Machine Learning for dummies – word2vec

Last time we have skimmed through neural networks. Today I’d like to describe one cool algorithm that is based on them.

Up until now we have worked on character recognition in images. It’s quite straightforward to convert an image to numbers, we just take pixel intensities and we have numbers. But what to do if we want to work with text? We can not do matrix multiplication with words, we need to somehow convert them to numbers. One way to do it is just take all words and number them. ‘aardvark’ would be 1, ‘aardwolf’ 2 etc. The problem with this approach is that similar words would have completely different numbers. Let’s say you are working on image recognition. You want to have a model that says “This is most likely a cat, but maybe it’s a kitten or a tiger. It definitely is something cat-like”. For this it’s better to have numeric representations of cat, kitten and tiger that are similar. Since we are dummies, I will not try to find mathematical reasons for this. Intuition tells me that pictures of kitten and cat are quite similar so it makes sense that output of the learning algorithm should be similar as well. It’s much harder to teach it if cat has number 10 and kitten 123,564.

But how to get such representations? We can use word2vec which allows us to map words to a n-dimensional vector space in a way that puts similar words together. The trick is quite simple. Similar words are used in similar contexts. I can say “I like pizza with cheese”. Or “I like hamburger with cheese”. Here the contexts are similar, just the food is different. Now I just need some algorithm that would read lot of text and somehow find words that are used in similar contexts and put them together.

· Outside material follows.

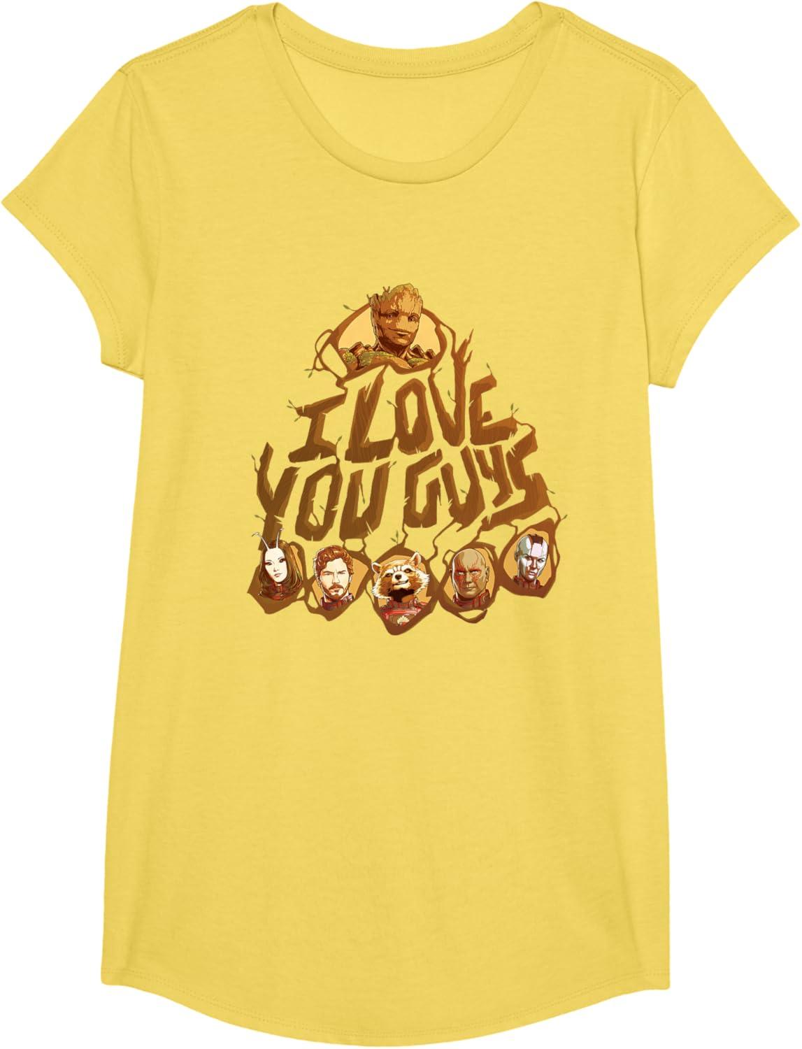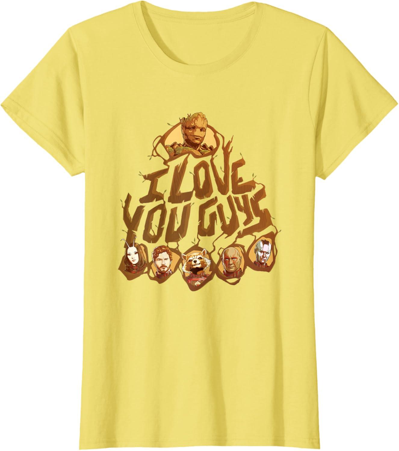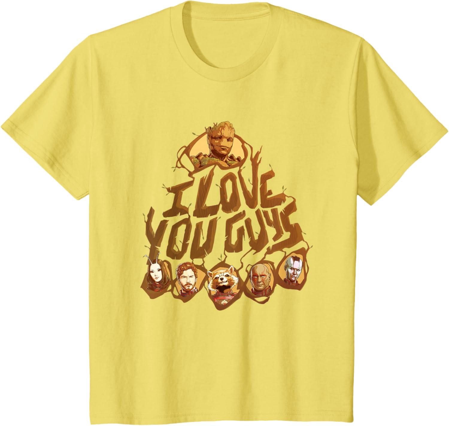Marvel Guardians of the Galaxy Vol. 3 I Love You Guys Groot T-Shirt(Lemon Yellow)

Word2vec takes a neural network and teaches it to guess contexts based on words. As an input I can take a word “pizza” and try to teach the network to come up with “I like … with cheese”. This approach is called skip-gram. Or I can try the other direction and teach the network to answer “pizza” if I feed it “I like … with cheese.” This direction is called CBOW. There are some differences in the results, but thay are not important enough for now. In the next text I will describe skip-gram with 4 words in the context.

Let’s take a look at the details. We will take simple neural network with one hidden layer. On the input, I will use one-hot encoding. ‘aardvark’ would be [1,0,0,…], ‘aardwolf’ [0,1,0,…], each word would be represented by a vector with zeros and one ‘1’. If my dictionary has 50k words I would end up with 50k-dimensional input vector. We have the input, let’s move to the hidden layer. The size of the hidden layer is up to me, at the end it will be the size of the vector representing the word. Let’s pick 128. Then there will be an output layer that would map the data back to one-hot encoded vector of context words. The network will take large sparse vector, squeeze it into much smaller and denser one and then unsqueeze it to a large vector again.

I take “pizza”, convert it to a 50k-dimensional vector with only one nonzero value. Then I multiply this vector with 128x50k-dimensional matrix and I get 128-dimensional vector. I take this vector, multiply it with another 50k x128-dimensional matrix and get 50k dimensional vector. After the right normalization, this vector will contain probability that given word occurs in context of word “pizza”. Value on the first position will be quite low, aardvark and pizza are not usually used in the same sentence. Actually, I just did that, so the next time this text gets to a learning algorithm, the first value in the vector will be slightly larger.

Of course I have to somehow get those matrices, but it’s just neural network training with some dirty tricks to make it computable. The trouble is, that the dictionary can by larger than 50k words so the learning phase is not trivial. But I am a dummy, I do not care. I just need to know that I will feed it the whole internet (minus porn) and it will somehow learn to predict the context.

Ok, we have a neural network that can predict the context, where do I get the vectors representing the words? They are in the first matrix from the model. That’s the beauty of it. Imagine that I have “pizza” on the input. It’s a vector with all zeros and one “1”. The matrix multiplication is not a multiplication at all, it just picks one column of the first matrix in the model. One column is just 128-dimensional vector and when we multiply it with the second matrix we want to get probabilities that given word is in the context. I guess that “like”, “eat”, “dinner”, “cheese” or “bacon” will be quite high. Now let’s feed in “hamburger”. It will pick another column from the first matrix, but we expect similar words in the result. Not the same, but similar. And to get similar results, we need similar vector in the hidden layer so when we multiply it with the second matrix we get similar context words. But the vector in hidden layer is just a column in the first matrix. It means, that in order to get similar results for words with similar contexts, the columns in the first matrix have to be similar (well they do not have to, but it usually ends up this way)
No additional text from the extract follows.